═════ Dataset extract

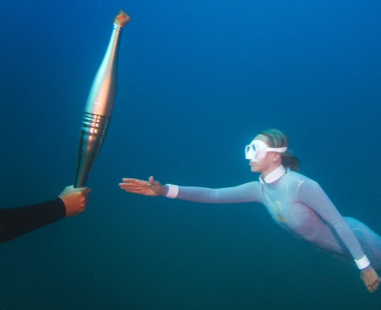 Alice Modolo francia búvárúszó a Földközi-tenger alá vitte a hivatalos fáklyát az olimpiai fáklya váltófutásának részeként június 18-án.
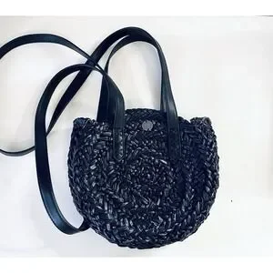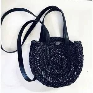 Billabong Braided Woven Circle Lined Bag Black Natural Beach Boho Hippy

══════════
═════ Dataset extract

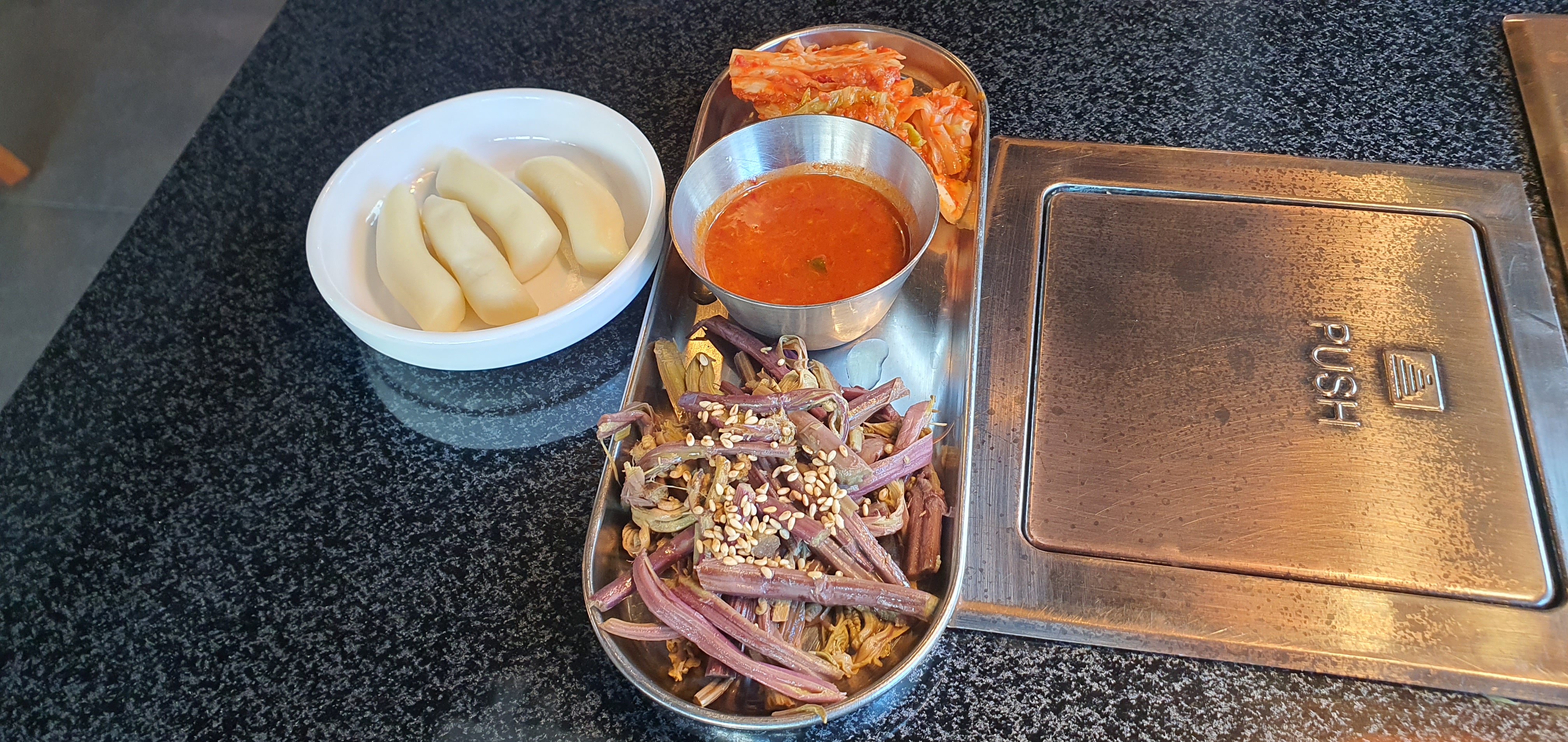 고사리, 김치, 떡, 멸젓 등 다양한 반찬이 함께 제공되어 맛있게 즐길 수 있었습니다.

══════════

Required action: Given the records above, return the lines starting at the one that holds "Alice Modolo francia" and ending at the one that holds "Billabong Braided Woven", exactly, and nothing besides; leave every picture out.

Reply:
 Alice Modolo francia búvárúszó a Földközi-tenger alá vitte a hivatalos fáklyát az olimpiai fáklya váltófutásának részeként június 18-án.
 Billabong Braided Woven Circle Lined Bag Black Natural Beach Boho Hippy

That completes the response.